Use Snowflake Iceberg Tables #

Note: This feature is only available in Arcion self-hosted CLI.

From version 23.01.05.3, Arcion supports Snowflake Iceberg tables as target for both snapshot-based and realtime replication. To use Snowflake Iceberg tables as target, follow these instructions.

Prerequisites #

  1. Create an Amazon S3 bucket if it doesn’t exist.

  2. Create external volume in Snowflake for your AWS S3 bucket using the CREATE EXTERNAL VOLUME command:

    CREATE EXTERNAL VOLUME <volume_name>
        STORAGE_LOCATIONS =
        (
            (
            NAME = '<volume_name>'
            STORAGE_PROVIDER = 'S3'
            STORAGE_AWS_ROLE_ARN = '<iam_role>'
            STORAGE_BASE_URL = 's3://<bucket>[/<path>/]'
            )
        ); 
    

    Replace the following:

    • <volume_name>: the name of the new external volume
    • <iam_role>: the Amazon Resource Name (ARN) of the IAM role
    • <path>: an optional path that provides granular control over objects in the bucket

For more information on granting Snowflake access to your Amazon S3 bucket, see Accessing Amazon S3 Using External Volumes .

Specify Iceberg as table type in Applier configuration file #

In your Applier configuration file, you need to set the table-type property to ICEBERG under the per-table-config configuration.
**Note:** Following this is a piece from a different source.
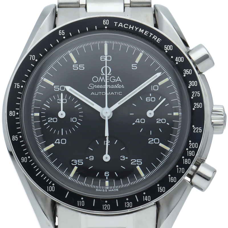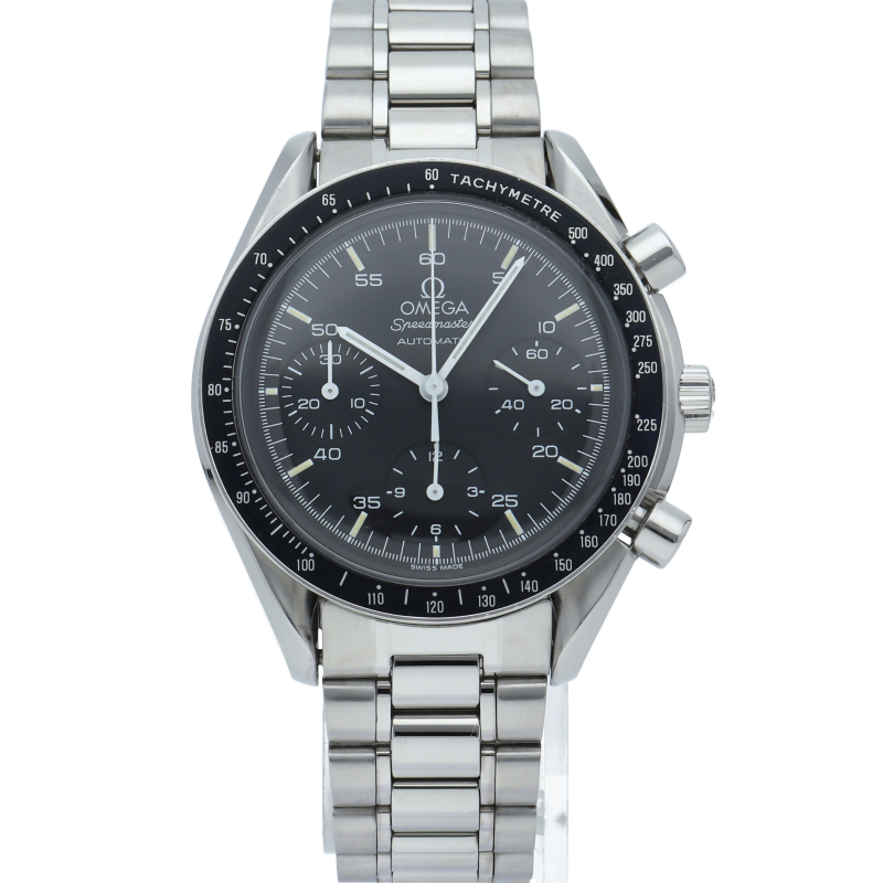 オメガを代表する人気シリーズ「スピードマスター」。プラ風防を使用したレトロな雰囲気かつシンプルにまとまったデザインがスタイルを選ばずにご使用いただけます。

For example, look at the following sample Applier configuration:

snapshot:
  threads: 8

  batch-size-rows: 600_000
  txn-size-rows: 600_000
  per-table-config:
  - catalog: "CATALOG"
    schema: "SCHEMA"
    tables:
      TABLE_NAME:
        table-type: ICEBERG

  bulk-load:
    enable: true
    type: FILE
    save-file-on-error: true
Attention: In realtime replication, Replicant first creates the destination tables with a one-time data snapshot to transfer all existing data from the source. In this “snapshot phase”, Replicant needs to know beforehand whether or not you’re using Iceberg tables. For this reason, you must always use the snapshot section of the Applier configuration file to specify your per-table-config parameters, including the value of table-type. For more information about how different Replicant modes work, see Running Replicant.